_What you will do:_ The printed result should hold only the lines from the opening of the data through the line bearing "Craquez pour cette", exactly as given and without pictures.

_Information shown:_
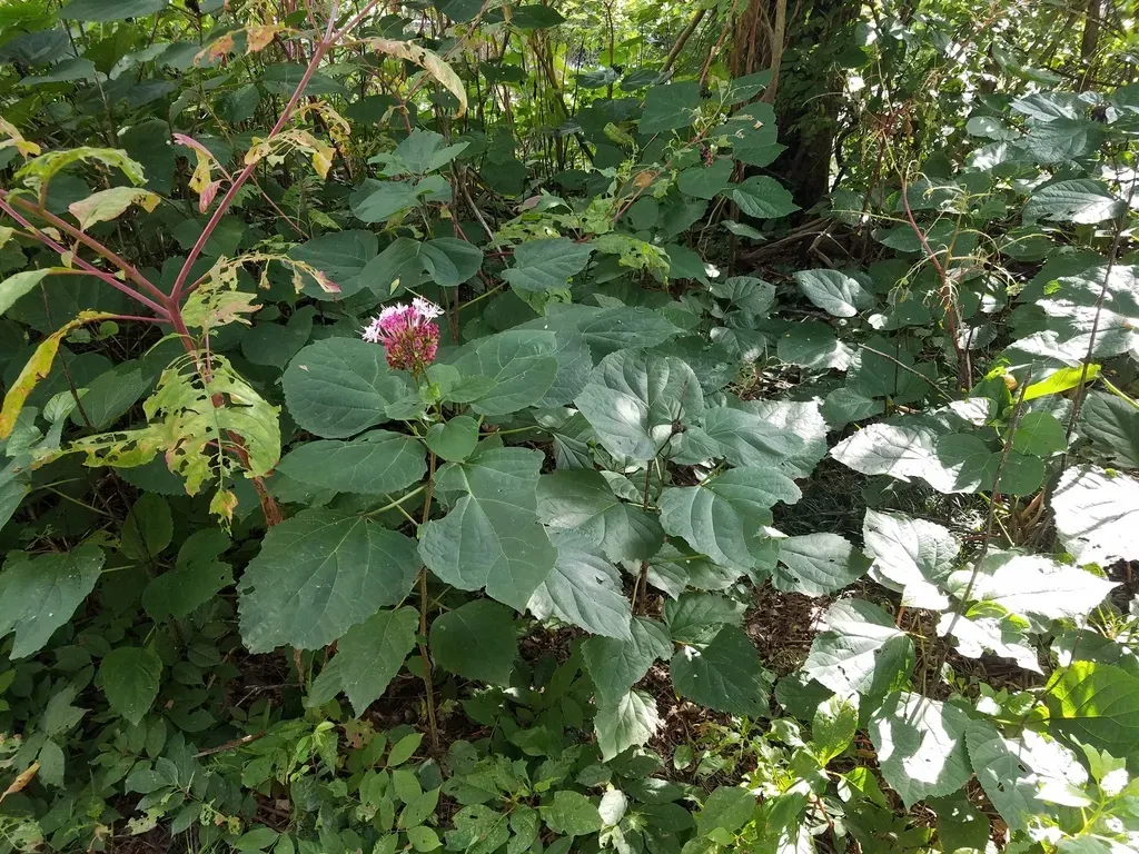 Clerodendrum bungei is a deciduous, suckering shrub known for its large clusters of showy pink flowers and heart-shaped leaves.
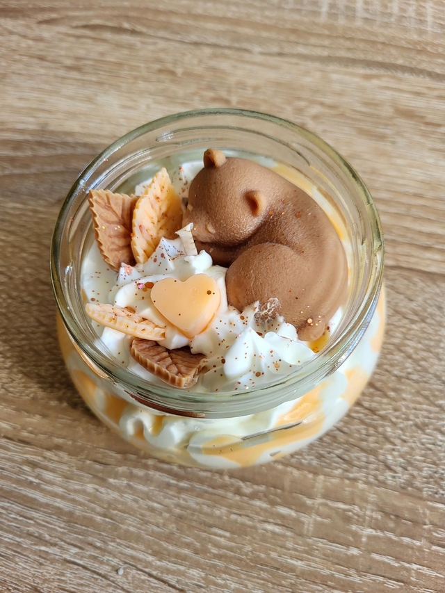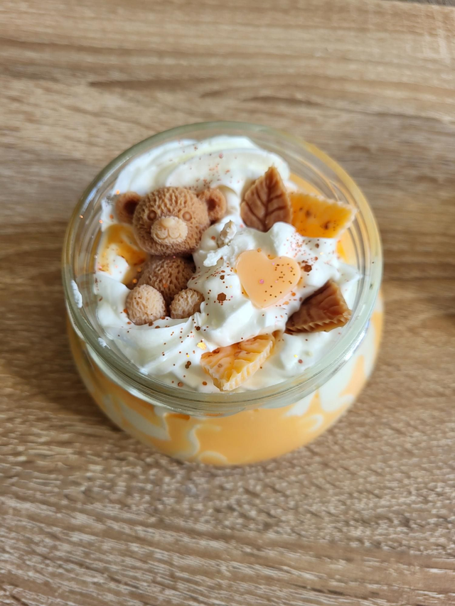 Craquez pour cette bougie en cire de soja naturelle, coulée à la main et parfumée à la fleur d’oranger. Son design unique, avec un petit ourson et des détails faits à la main, en fait une pièce aussi douce que raffinée.
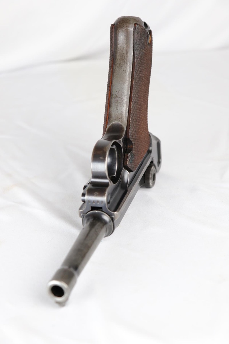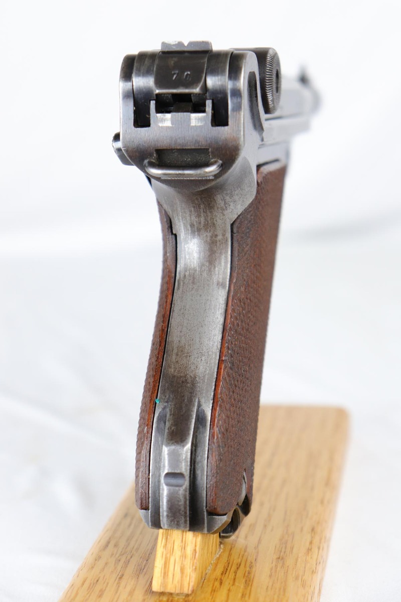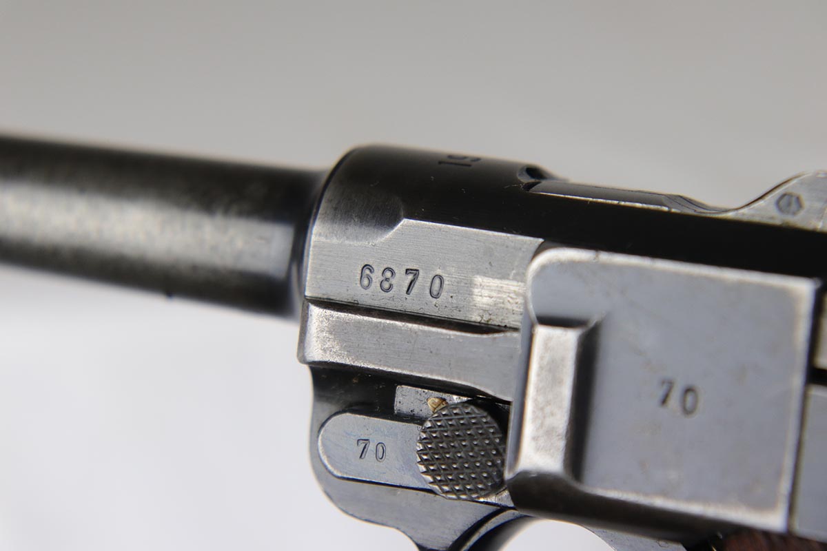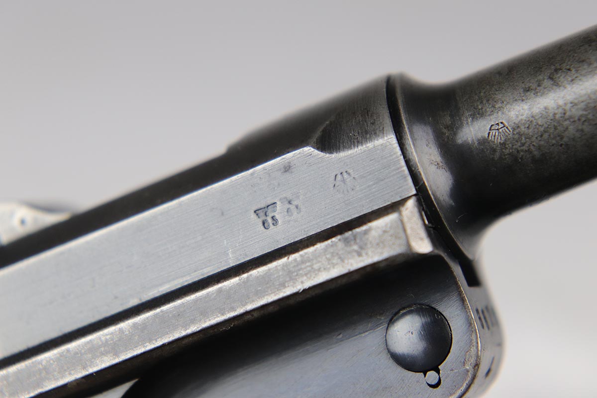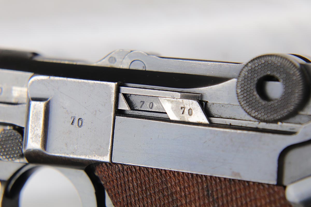 4/26/18 – This is a complete 1938 S/42 Mauser Luger rig with an original holster, spare magazine, and takedown tool. The pistol is all original and matching, but there is significant bluing loss throughout the pistol. The barrel and straps have most of the wear. The bore has some light corrosion but the rifling is still in tact. The grips are excellent and original. The magazines included with this rig are both stick wing eagle 63, as is the takedown tool. The leather holster is in great condition with excellent leather and stitching. The holster is either commercial or WW1 era because there is no date on the back of the leather. Guaranteed all original and authentic.

_Written solution:_
 Clerodendrum bungei is a deciduous, suckering shrub known for its large clusters of showy pink flowers and heart-shaped leaves.
 Craquez pour cette bougie en cire de soja naturelle, coulée à la main et parfumée à la fleur d’oranger. Son design unique, avec un petit ourson et des détails faits à la main, en fait une pièce aussi douce que raffinée.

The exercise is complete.